January 1, 2009

Is Hip-Hop Jumping Out The Window?

listen to this as you read

There used to be a time when I looked forward to a new album release, that's not to say I don't any more, but more like in BB Kings words “the thrill is gone”. I remember saving my lunch money for the latest DMX album and talking ad nauseam about who the best rapper was [with the focus on lyricism, not who's the hottest [looking at you MTV]. Flash forward to 2008 hip-hop has evolved into one long Sarah Palin meets MC Hammer infomercial, polluted with stupid dances and unintelligible lyrics, how could it be? How could the genre that helped shape my thoughts on grammar, racism, sex, and poverty amongst other things decay to the point me and Kanye West both, no longer listen to hip-hop regularly?. Is Hip-Hop dead?,[sorry rap haters] absolutely not! because there is an underground brewing with creativity and talent [think how Emo helped rock], with the new year on the bubble will record executives finally take notice [but they probably wont].

Ring tones Killed The Hip-Hop Star

The death of hip-hop wasn't subtle, it began back in 2004 when “the attack of the ring tone rappers” happened. A ring tone rapper is an artist who has a catchy single, which their label pushes on the radio, TV and Internet these artist may sell a million ring tones but usually flop in album sales. This strategy was tried and true in the nineties, but that was before the Internet, CD burners, and mp3 players [not to mention the quality in the music]. Ring tone rappers like Mims, and Soulja Boy Tellem who are typically slim on the lyrical content and fat on the beats and party themes are the recent ring tone leaders with hits like “Crank That”, and “This Is Why I'm Hot” which both sold millions of ring tones respectively. This strategy has proven detrimental to Hip-Hop with album sales declining more then 30% over 6 years.

Who Can Save Hip-Hop?

The underground movement in hip-hop is very very strong right now, with industry survivor Joe Budden leading the way.

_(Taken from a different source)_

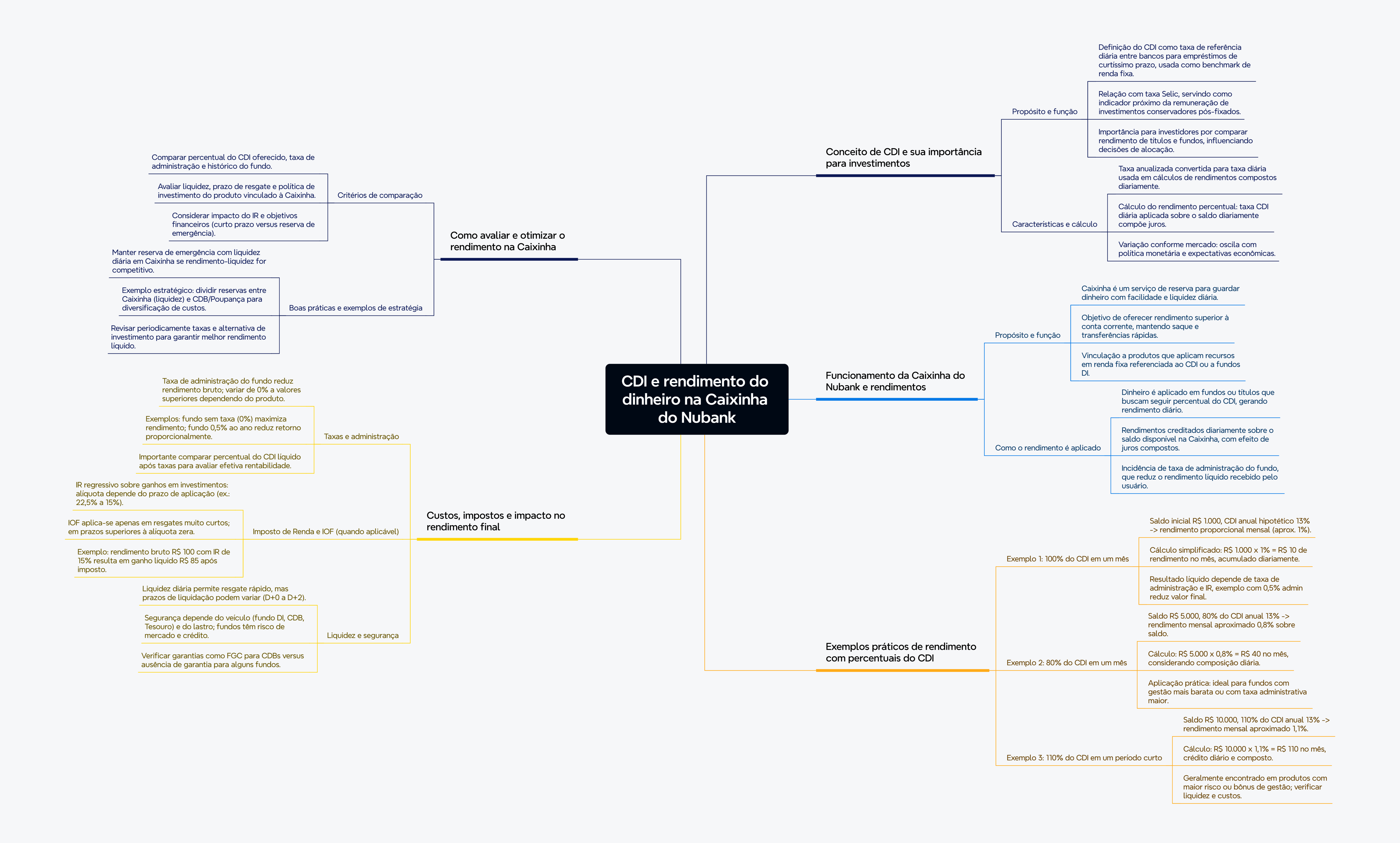 CDI e rendimento do dinheiro na Caixinha do Nubank Conceito de CDI e sua importância para investimentos Propósito e função Definição do CDI como taxa de referência diária entre bancos para empréstimos de curtíssimo prazo, usada como benchmark de renda fixa. Relação com taxa Selic, servindo como indicador próximo da remuneração de investimentos conservadores pós-fixados. Importância para investidores por comparar rendimento de títulos e fundos, influenciando decisões de alocação. Características e cálculo Taxa anualizada convertida para taxa diária usada em cálculos de rendimentos compostos diariamente. Cálculo do rendimento percentual: taxa CDI diária aplicada sobre o saldo diariamente compõe juros. Variação conforme mercado: oscila com política monetária e expectativas econômicas. Funcionamento da Caixinha do Nubank e rendimentos Propósito e função Caixinha é um serviço de reserva para guardar dinheiro com facilidade e liquidez diária. Objetivo de oferecer rendimento superior à conta corrente, mantendo saque e transferências rápidas. Vinculação a produtos que aplicam recursos em renda fixa referenciada ao CDI ou a fundos DI. Como o rendimento é aplicado Dinheiro é aplicado em fundos ou títulos que buscam seguir percentual do CDI, gerando rendimento diário. Rendimentos creditados diariamente sobre o saldo disponível na Caixinha, com efeito de juros compostos. Incidência de taxa de administração do fundo, que reduz o rendimento líquido recebido pelo usuário. Exemplos práticos de rendimento com percentuais do CDI Exemplo 1: 100% do CDI em um mês Saldo inicial R$ 1.000, CDI anual hipotético 13% -> rendimento proporcional mensal (aprox. 1%). Cálculo simplificado: R$ 1.000 x 1% = R$ 10 de rendimento no mês, acumulado diariamente. Resultado líquido depende de taxa de administração e IR, exemplo com 0,5% admin reduz valor final. Exemplo 2: 80% do CDI em um mês Saldo R$ 5.000, 80% do CDI anual 13% -> rendimento mensal aproximado 0,8% sobre saldo. Cálculo: R$ 5.000 x 0,8% = R$ 40 no mês, considerando composição diária. Aplicação prática: ideal para fundos com gestão mais barata ou com taxa administrativa maior. Exemplo 3: 110% do CDI em um período curto Saldo R$ 10.000, 110% do CDI anual 13% -> rendimento mensal aproximado 1,1%. Cálculo: R$ 10.000 x 1,1% = R$ 110 no mês, crédito diário e composto. Geralmente encontrado em produtos com maior risco ou bônus de gestão; verificar liquidez e custos. Custos, impostos e impacto no rendimento final Taxas e administração Taxa de administração do fundo reduz rendimento bruto; variar de 0% a valores superiores dependendo do produto. Exemplos: fundo sem taxa (0%) maximiza rendimento; fundo 0,5% ao ano reduz retorno proporcionalmente. Importante comparar percentual do CDI líquido após taxas para avaliar efetiva rentabilidade. Imposto de Renda e IOF (quando aplicável) IR regressivo sobre ganhos em investimentos: alíquota depende do prazo de aplicação (ex.: 22,5% a 15%). IOF aplica-se apenas em resgates muito curtos; em prazos superiores à alíquota zera. Exemplo: rendimento bruto R$ 100 com IR de 15% resulta em ganho líquido R$ 85 após imposto. Liquidez e segurança Liquidez diária permite resgate rápido, mas prazos de liquidação podem variar (D+0 a D+2). Segurança depende do veículo (fundo DI, CDB, Tesouro) e do lastro; fundos têm risco de mercado e crédito. Verificar garantias como FGC para CDBs versus ausência de garantia para alguns fundos. Como avaliar e otimizar o rendimento na Caixinha Critérios de comparação Comparar percentual do CDI oferecido, taxa de administração e histórico do fundo. Avaliar liquidez, prazo de resgate e política de investimento do produto vinculado à Caixinha. Considerar impacto do IR e objetivos financeiros (curto prazo versus reserva de emergência). Boas práticas e exemplos de estratégia Manter reserva de emergência com liquidez diária em Caixinha se rendimento-liquidez for competitivo. Exemplo estratégico: dividir reservas entre Caixinha (liquidez) e CDB/Poupança para diversificação de custos. Revisar periodicamente taxas e alternativa de investimento para garantir melhor rendimento líquido.

Joe Budden knows what its like to be a ring tone rapper, he had the smash hit “Pump It Up” in 2003 which earned him a Grammy nomination. Joe's career seemed to be launching when disaster hit, his album sold a little over 500,000 copies [it went Gold], back then if you didn't go platinum on Def-Jam you would be dropped or the label lost confidence in you. This left Joe in limbo with the label, with mounting pressure to rekindle “Pump It Up” for his sophomore album but Joe had already evolved as an artist and wasn't interested in making the same records. This move proved costly for Joe the label wouldn't drop him and Joe wouldn't release his masters to them a stalemate ensued. Thats when Joe had an epiphany he realized that the Internet was his friend. Joe began working on the Mood Muzik series which featured all new original songs about his personal life. The buzz Joe received from the mixtapes earned him awards and accolades which brought the big labels back knocking, but Joe learned from his Def-Jam days and signed on with an independent label Amalgam Digital who now release his albums on the Internet, with a retail album coming next year.

The Candidates

Independent labels are more and more becoming home for underground artist like Blu & Exile, The Cool Kids, Joel Ortiz, and Papoose to name a few. Smaller labels use blog's and mixtapes to get their artist broken in, which proves to be less costly and very effective. The rise of the underground artist isn't the end of the established artist and big labels though with artist like Jay-Z, Nas, Ludacris, T.I., and The Game leading the way with great buzz worthy albums this year. Proving that the quality is there but label backing, radio play, and sales aren't. Piling on to that there are the creative and genre bending artist like Lupe Fiasco, Kanye West, Common and 88-Keys among others. These artist represent the evolution of hip-hop but labels don't typically push or green light there projects.

Change Or Die

The music industry must change to survive, they must start with artist development and end with quality content. Big Labels have to learn how to beat small labels at their own game because blog's dictate whats cool now, not MTV. Think how Def-Jam did it in the nineties they signed Ja rule, Jay-Z and DMX at the same time, those artist at their prime went 3-5x platinum every go round. I remember DMX was featured on song after song and he killed every song he was on [like Fabolous on Lil Mo records], Ja rule followed and Jay-Z had smash hits at will, the difference between them and Mims and Soulja Boy is simple they could rap, they were polished and they put out superior product that had me saving my lunch money. I want to go back to the days of “arguing all day on who's the best rapper alive? Biggie, Jay-Z or Nas?.”